Leave it to Bobby Valentine to grant his first national interview since being fired
by the Boston Red Sox on the very same day, John Farrell, was introduced as the
new Red Sox manager. Instead of talking about the breath of fresh air that is blowing
through Red Sox nation today, the entire region will now be consumed with the guy
who was blowing hot air to Bob Costas on the NBC Sports Network on Tuesday night.
Self-centered and self-absorbed, Valentine made sure all the talk today would be
all about him. He's not just trying to rain on Farrell's and the Red Sox parade, Valentine
is hoping to flood it with a tsunami. In his interview with Costas, Valentine said David
Ortiz had all but gone to U.S. Post Office, licked a stamp, and mailed his season in
after the Sox traded its heavy baggage (Adrian Gonzalez, Josh Beckett, and Carl
Crawford) to the the Los Angeles Dodgers. Valentine learned nothing after trashing
fan favorite, Kevin Youkilis during the season, so it's hardly surprising that the mouth
without a filter fired a scud missile at Big Papi after it.
I'm sure Curt Schilling is just chomping at the bit to rail against Valentine on "Baseball
Tonight", and just might morph into "Curt from the car" again and blast Bobby V for
making one of the greatest players in franchise history the scapegoat for one of their
worst seasons in the history of it. That won't play well with Schilling and it most certainly
won't go over well in Red Sox nation. Any road that Valentines rides his bike on in
Boston is now bound to be littered with spikes and nails.

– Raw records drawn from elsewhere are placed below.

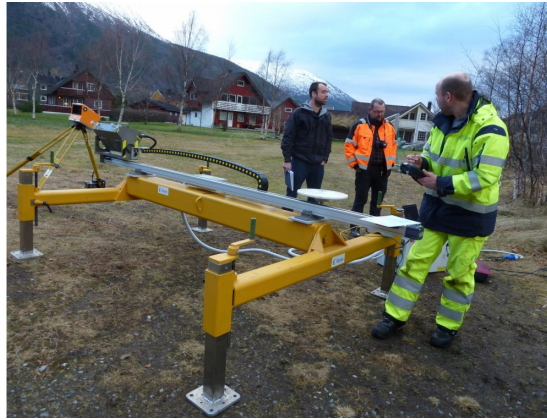
Figur 3: Utstyr for skredvarsling med radar

Eksemplet viser utstyr for skredvarsling basert på radar. Enheten har også tilknyttet GPS og laserscanner.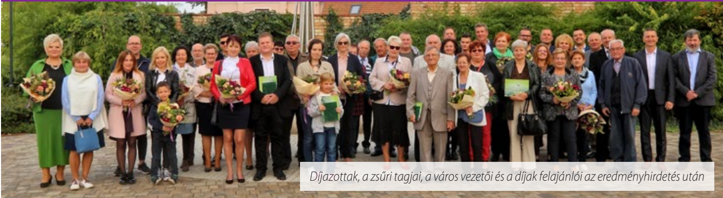
Díjazottak, a zsűri tagjai, a város vezetői és a díjak felajánlói az eredményhirdetés után

Szeptember 24-én került megrendezésre a Virágos Sárváért! Környezetszépítő Verseny eredményhirdetése a Hild parkban. A versenyt immáron 12. alkalommal hirdette meg Sárvár Város Önkormányzata. Az idei évben is díjazták a legvirágosabb vállalkozásokat, erkélyeket és házakat.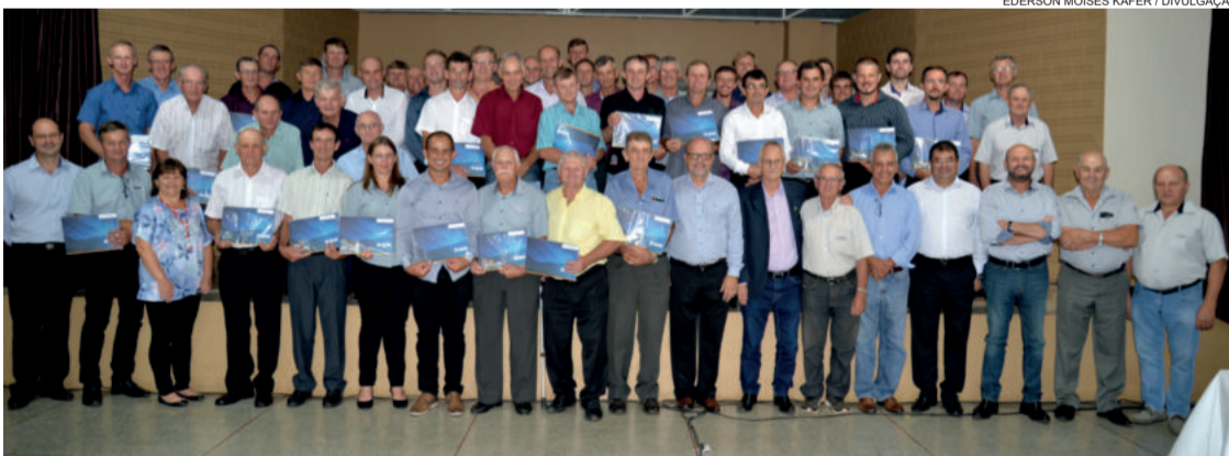
Formatura da primeira turma do curso ocorreu no mês de janeiro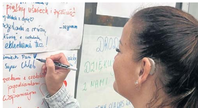
Klienci wypisali za czym będą najbardziej tęsknić

Po 41 latach działalności słynny „Precelek” zakończył swoją działalność. Piekarnia przy ul. Narutowicza jest już nieczynna. Do soboty działał tylko lokal na Pogodnie. Na kartkach przyklejonych na szybie klienci żegnają się z „Precelkiem” i swoimi ulubionymi wypiekami wpisując „będę tęsknić”. Jeden z klientów założył stronę internetową (ostatniprecelek.com) - tam każdy może wspominać.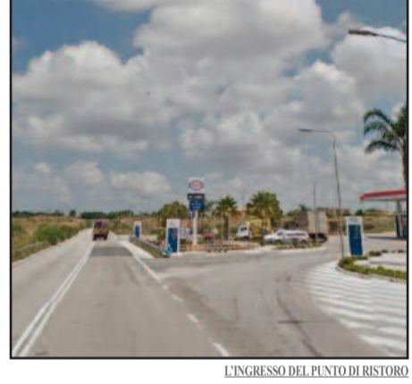
L'INGRESSO DEL PUNTO DI RISTORO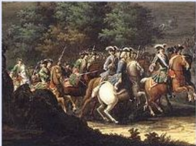
Фрагмент гравюры Ф. Симона «Полтавское сражение». По оригиналу П. Д. Мортена. Первая четверть 19 века. Государственный исторический музей. Москва.

В результате Полтавской битвы армия короля Карла XII перестала существовать. Сам он скрылся на территории Османской империи. Военное могущество Швеции было подорвано и в Северной войне произошел перелом в пользу России.

As Valentine was shooting darts at Ortiz with his forced, disingenuous smile, it became
easy for everyone to see why nobody likes playing for Valentine. He grates on you like
sandpaper and is the gum on the bottom of your shoe that you can't get off. Instead of
trying to clean it because it's peppered with pebbles and glass, you just rid of the shoe,
even if it's Kenneth Cole's top of the line.
Valentine also revealed a conversation he had with former Dallas Cowboys legendary
coach, Tom Landry. When he was a 35-year old rookie manager with the Texas Rangers,
Valentine was told by Landry to get coaches who "speak your language", meaning ones
that he could trust, which Valentine said he didn't have on his staff in Boston. Bobby V
said he wished he had taken Landry's advice, but it's apparent that he's never taken anyone's
advice because Bobby V thinks he's the smartest man in the room.
It continues to amaze me how baseball experts and analysts label Valentine a baseball
"genius" as if the game is akin to drawing up the blueprint and constructing the atom bomb.
It's baseball. As the manager in "Bull Durham" said, "You throw the ball, hit the ball, and catch
the ball." It's not rocket science. Nobody has ever called Terry Francona a baseball
intellect, but he has two World Series titles to Valentine's none. The difference is, Francona
gets it. He knows that success doesn't come with the greatest baseball knowledge, but
rather in how you "manage" players and personalities.
It's clear that Valentine doesn't get it, and the man who often tells people that he invented
the sandwich wrap, just wrapped up one of the biggest nightmares in franchise history with
that interview with Bob Costas on Tuesday night.